"I have the vice of curiosity," was my answer. "And the circumstances of the case are so odd, that I wish to solve the mystery."
"I don't see where the mystery comes into the matter, Mr. Vance, if you will pardon my having a contrary opinion to yourself. The woman who ran off with your motor car,--I remember what you had to do with the matter quite well now,--stabbed Anne with a hat-pin. Where is your mystery there?"
"Dear papa," said Gertrude, who was perched on the arm of his chair, "don't talk about the matter, as I see it agitates you greatly."

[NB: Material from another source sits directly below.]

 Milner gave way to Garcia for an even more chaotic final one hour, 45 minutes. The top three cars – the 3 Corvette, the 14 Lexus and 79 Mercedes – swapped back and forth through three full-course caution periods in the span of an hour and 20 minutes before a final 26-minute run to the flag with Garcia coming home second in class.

I glanced at her when she said this, as it struck me that if she was the woman who had taken my car, she naturally would not like the matter to be spoken about. But she appeared to be perfectly calm, and her color did not change when our eyes met. Mr. Monk was far more discomposed than she was. "My dear," he said in answer to her remonstrance, "I must steel myself to hear all about our old servant--at least about Gabriel's old servant. Where, I ask again, is the mystery?"

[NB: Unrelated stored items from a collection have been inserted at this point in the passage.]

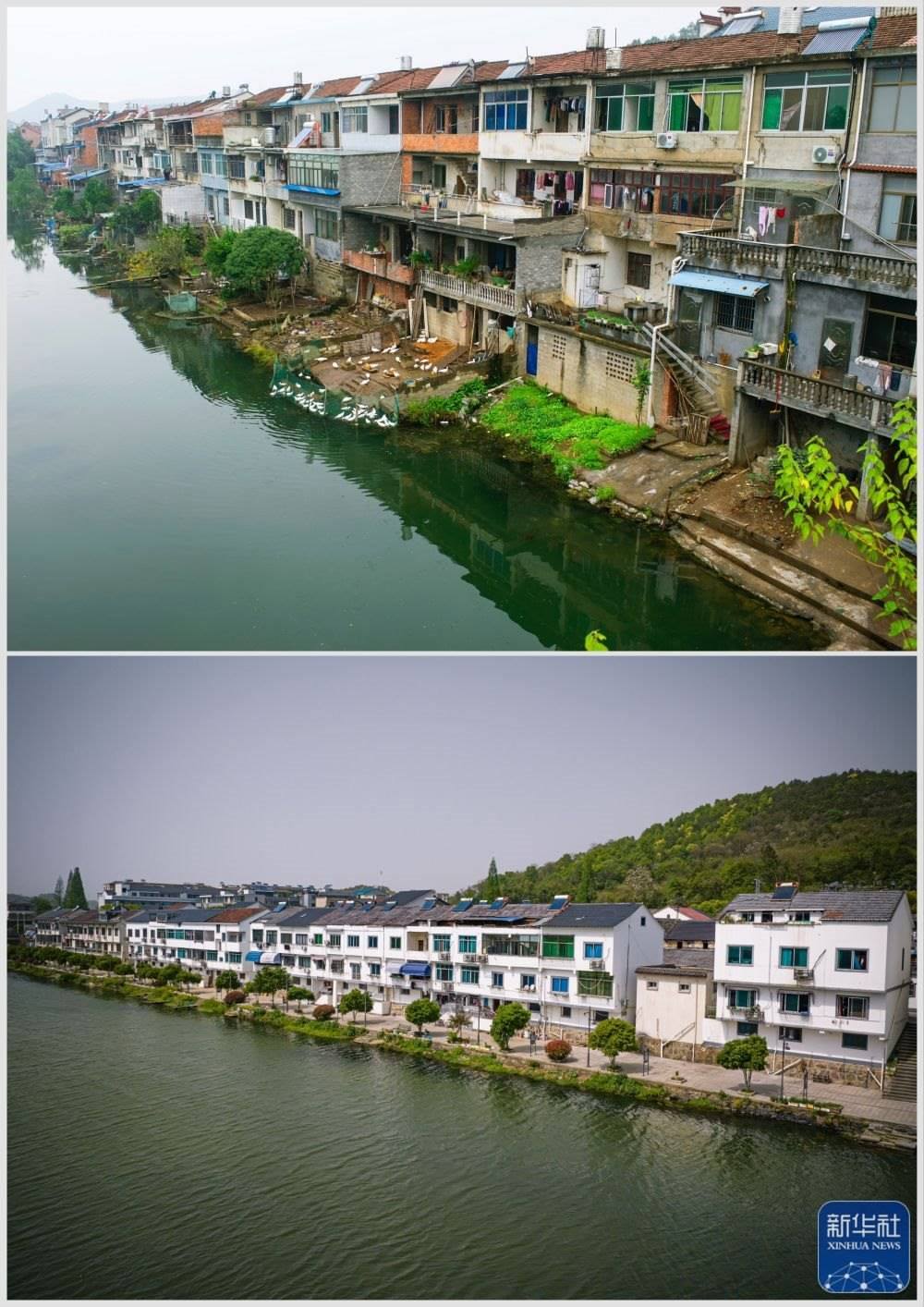 拼版照片:上圖為浙江諸暨市暨南街道街亭村開化江畔的民居(2013年11月13日攝);下圖為村容村貌提升后暨南街道街亭村開化江畔民居新貌(無(wú)人機(jī)照片,2023年4月12日攝)。新華社記者 江漢 攝
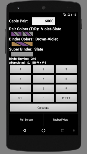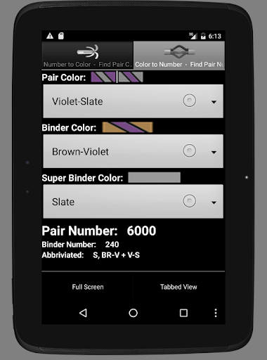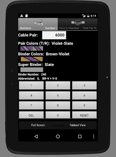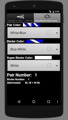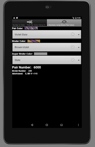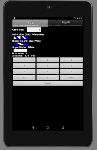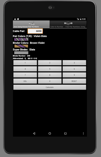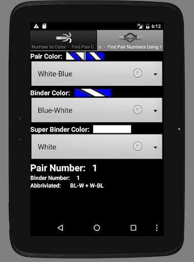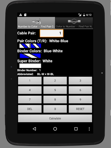 You can type in a cable pair number and it will display the pair color, binder color, binder group, super binder group, and the color abbreviation that this pair would be written in.
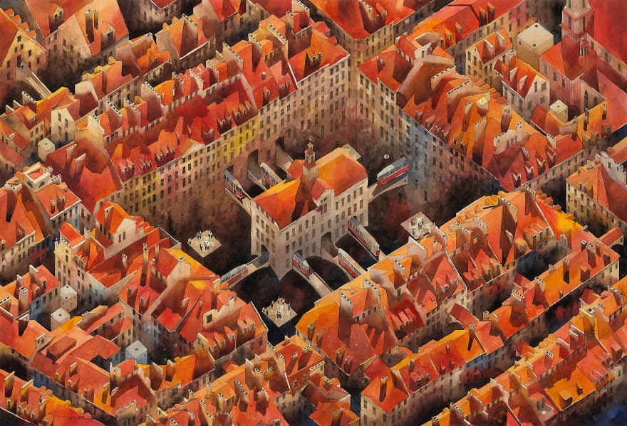 Στους πίνακες του Tytus Brzozowski, καλλιτέχνη και αρχιτέκτονα από την Βαρσοβία, όλα είναι πιθανά. Τα χαρακτηριστικά κόκκινα τραμ της Βαρσοβίας μπορούν να πάρουν πολύ απροσδόκητες κατευθύνσεις.
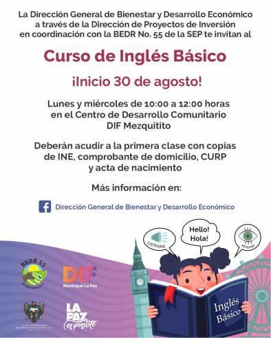 Debido a la vocación turística que predomina en la entidad y la importancia de manejar un segundo idioma, H. XVII Ayuntamiento de La Paz a través de la Dirección General de Bienestar y Desarrollo Económico, bajo la coordinación de la Dirección de Proyectos de Inversión, invitan a los cursos gratuitos de inglés básico e inglés especializado en atención al cliente que arrancan a finales de mes.
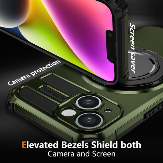 For iPhone 14 Plus Rotating Magnetic Holder Phone Case(Dark Green)
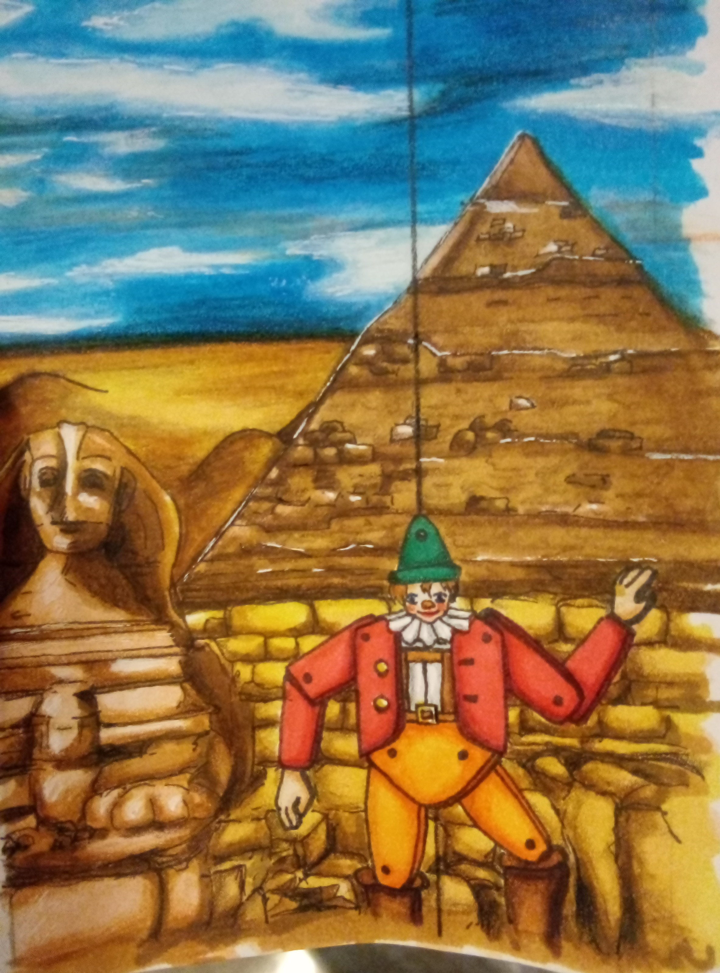 Und meine dritte Skizze. Das ist der Hampelmann “Kaspar Larifari”

"In the fact that Mrs. Caldershaw's glass eye was stolen," I asserted.
"Well," admitted Mr. Monk reluctantly, "that is a strange article to steal I agree. Do you know why it was stolen, Mr. Vance?"
"I have a theory."
"What is your theory?" he pursued eagerly.
"Your late brother left fifty thousand pounds to Miss Monk here," I explained, "and that money cannot be found. I believe that Mrs. Caldershaw in some way knew of the whereabouts of this fortune and indicated the hiding-place in some way by means of the glass eye. It was stolen by the person who desired to gain that fortune."
"Dear me." Mr. Monk sat up briskly, and then rose to his feet, "have you any grounds for this strange belief?"